The EB model is described as follows in the documentation of geiger's fitContinuous
function:
“EB is the Early-burst model (Harmon et al. 2010) and also called the ACDC model (accelerating-decelerating; Blomberg et al. 2003). Set by the a rate parameter, EB fits a model where the rate of evolution increases or decreases exponentially through time, under the model r[t] = r[0] * exp(a * t), where r[0] is the initial rate, a is the rate change parameter, and t is time.”
My very knowledgeable colleagues Luke Harmon and
Josef Uyeda both assured me that a an EB transformation of the tree
would give me the correct variance-covariance matrix for both the internal nodes and the tips of the
tree. (This is not true, evidently, for the OU model.) Consequently, my initial plan was just
simultaneously optimize σ2, r, and the N - 1 ancestral nodes (for a bifurcating
tree with N tips) by brute force using one of the built-in optimizers in R such as optim
.
This works - but for even a modest-sized tree will result in a very high-dimensional optimization problem & thus quite long computation time.
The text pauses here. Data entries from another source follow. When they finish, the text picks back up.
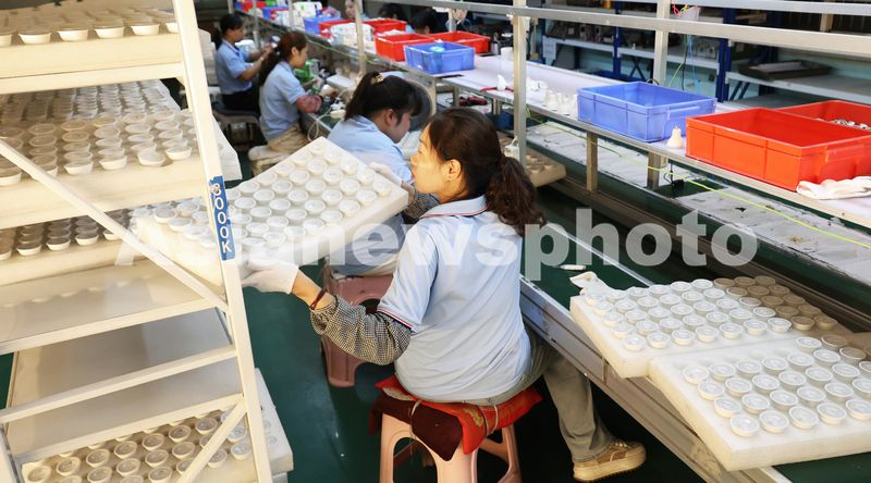 图片说明:2025年9月8日,江苏省连云港市海州区锦屏工业园,工人在生产线上赶制一批LED绿色节能照明灯具。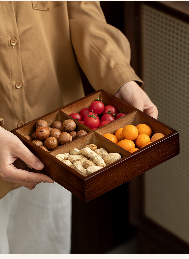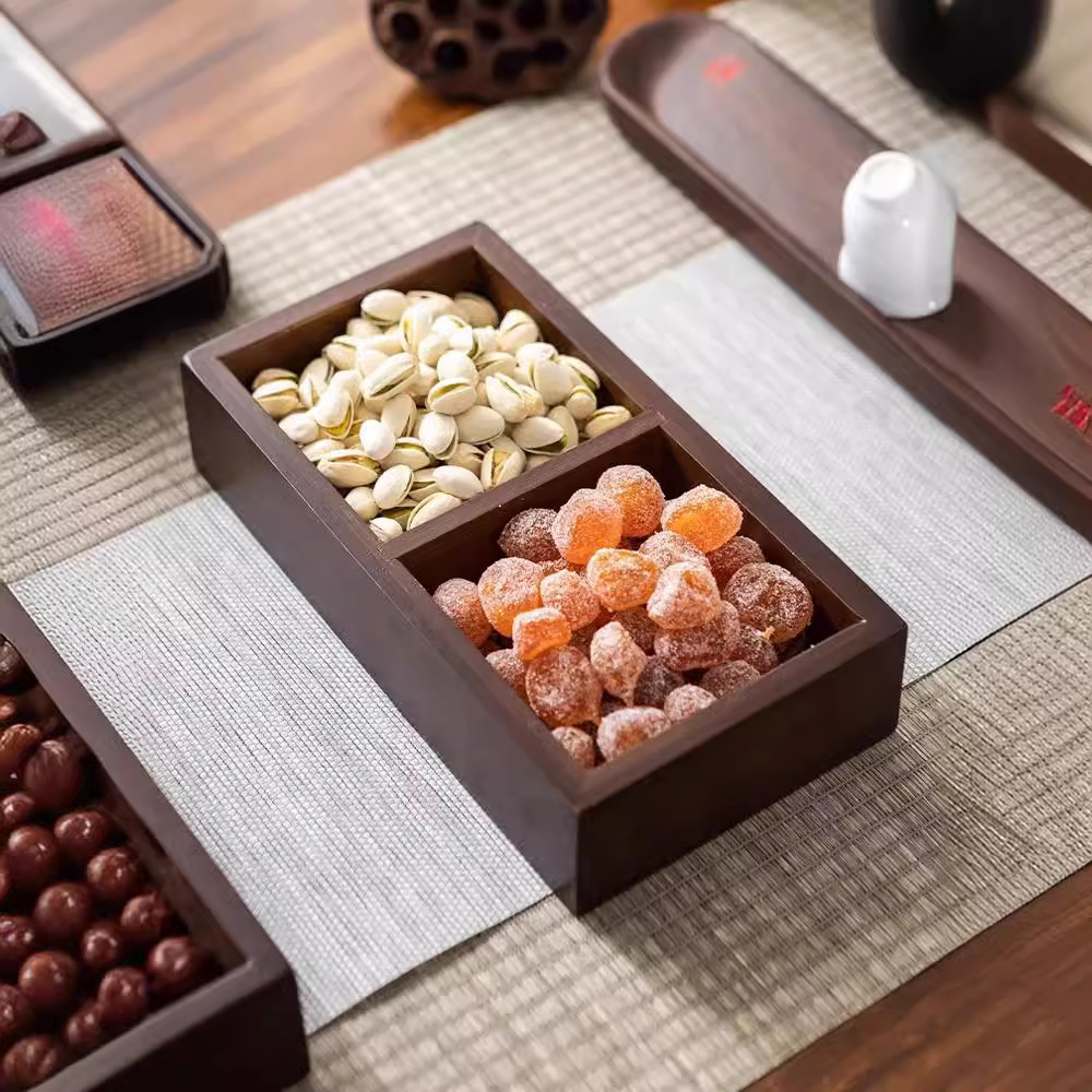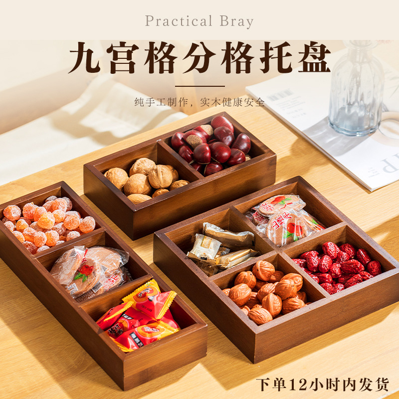 新しい中国風の高価値ウォールナット色の竹宮殿グリッドプレートティーディッシュ分割デザートキャンディスナックナッツドライフルーツプレート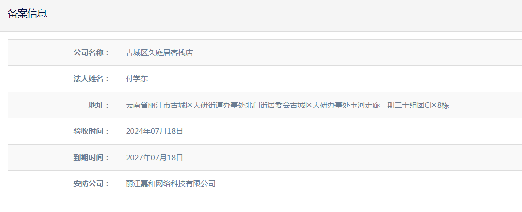 關于古城區久庭居客棧店電子監控安防合格證下證通知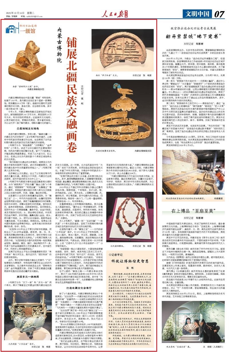 12月16日,《人民日報海外版》刊發(fā)《內(nèi)蒙古博物院 鋪展北疆民族交融畫卷》,報道內(nèi)蒙古自治區(qū)首個國家一級博物館今年6月搬遷至新館后開館試運(yùn)行。新館建筑面積14.7萬平方米,展覽面積3.9萬平方米,均為舊館的兩倍多。這座城市文化地標(biāo),以更開闊的空間、更精彩的展覽、更豐富的體驗(yàn),為公眾打開一扇了解內(nèi)蒙古、領(lǐng)略北疆文化的窗口。

Just as I was going to bed the other night, however, it occurred to me that this could be done by numerically
optimizing only σ2 and r, and then running the re-rooting algorithm (as
implemented in the phytools function fastAnc
) on a tree transformed by r for that
iteration of the optimization. Note that it would not work to just compute the ML values of
σ2 and r using an external function, such as fitContinuous
, and then
to transform the tree by the optimized value of r because simultaneous optimization of σ2
and r with the ancestral states results in different MLEs of those parameters! (We also see this for
the BM and OU models, although in the former case it doesn't matter.)
Here's a quick demo using some data simulated under a scenario of decreasing rate of evolution through time.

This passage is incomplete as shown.